Marie-Lou Hébert fait partie des élèves qui participent au projet de robotique supervisé par l'enseignant Jacques Lapointe à l'école de la Ruche à Magog. On la voit en compagnie de Hugo Marcotte, conseiller pédagogique en sciences

Un robot fabriqué à La Ruche de Magog

Les élèves qui participent au projet de robotique supervisé par l'enseignant Jacques Lapointe à Magog sont la preuve vivante que les adolescents d'aujourd'hui ne correspondent pas tous aux stéréotypes habituellement accolés aux jeunes de 12 à 17 ans. L'engagement ne leur fait pas peur.
Enseignant en sciences à l'école secondaire de la Ruche, M. Lapointe a inscrit un groupe de 15 élèves provenant de cet établissement scolaire à la compétition de robotique FIRST. Il s'agit d'une première à la Ruche.
Afin de participer à cette compétition reconnue, le groupe d'élèves doit construire un robot capable de lancer un ballon avec une certaine précision et d'attraper un objet au vol. Les participants au projet ont commencé à travailler ensemble en septembre dernier, mais la construction du robot s'est réellement amorcée au début du mois de janvier.
Le groupe formé par Jacques Lapointe participera en mars à un grand rassemblement auquel prendront part 42 écoles à Montréal. À cette occasion, des équipes de robots s'affronteront dans le cadre d'un jeu de ballon inventé par les organisateurs.
«Ce projet représente un énorme défi pour nos jeunes, affirme M. Lapointe. Beaucoup d'apprentissages sont effectués par les élèves, que ce soit en informatique, en électricité, en pneumatique, en mécanique, en dessin industriel ou robotique. En plus, ils développent leurs habiletés sociales et leur sens de l'engagement.»
«J'ai appris à couperdu bois et du métal avec des machines. Comme fille, c'est rare qu'on utilise des outils comme des perceuses...»
Avant les fêtes, les jeunes du groupe parascolaire se rencontraient déjà régulièrement, mais la fréquence des rencontres a augmenté en janvier. Les participants au projet consacrent plus de 15 heures par semaine à la construction du robot depuis le début de 2014.
«Dans ce genre de projet, on manque toujours de temps», lance Jacques Lapointe, qui est déjà prêt à répéter l'expérience l'an prochain malgré l'importance de la tâche à accomplir.
Stimulant
Appartenant au groupe, Sarah-Lou Niggebrugge a décidé de prendre part à ce projet en partie pour accroître ses habiletés manuelles. «J'ai appris à couper du bois et du métal avec des machines. Comme fille, c'est rare qu'on utilise des outils comme des perceuses ou autres», indique l'adolescente.

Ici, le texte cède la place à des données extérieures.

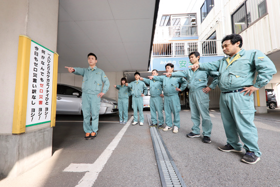 安全に作業するための注意事項を全員で指差確認し、その日の作業の流れや天候、現場の注意点を班長から班員に伝達した後、作業を開始します。
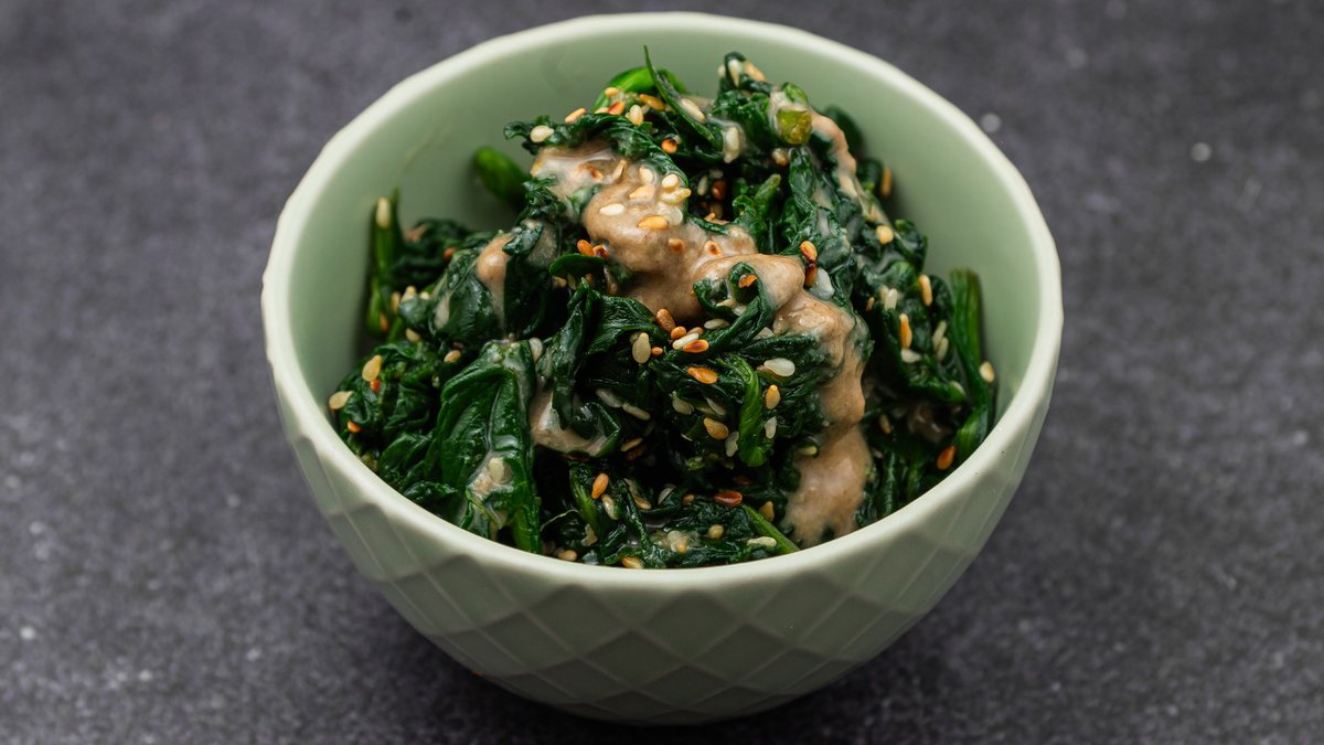 Spanać u slatkom -susam prelivu. Hladno, aromatično, pravi izakaya zalogaj.

Sarah-Lou confie attendre avec impatience la compétition qui se déroulera en mars à Montréal. «On va sûrement trouver de l'inspiration là-bas», croit-elle.
«C'est une expérience plus intéressante que je le pensais, affirme pour sa part son collègue Gaël Chevalier. Le défi qu'on doit relever m'a surpris. Je le trouve passionnant.»
Gaël note qu'il consacre de nombreuses heures par semaine au projet. «Je savais qu'il faudrait donner du temps. Ça ne me dérange pas. Je réussis à faire mes devoirs quand même», assure celui qui aspire à devenir programmeur.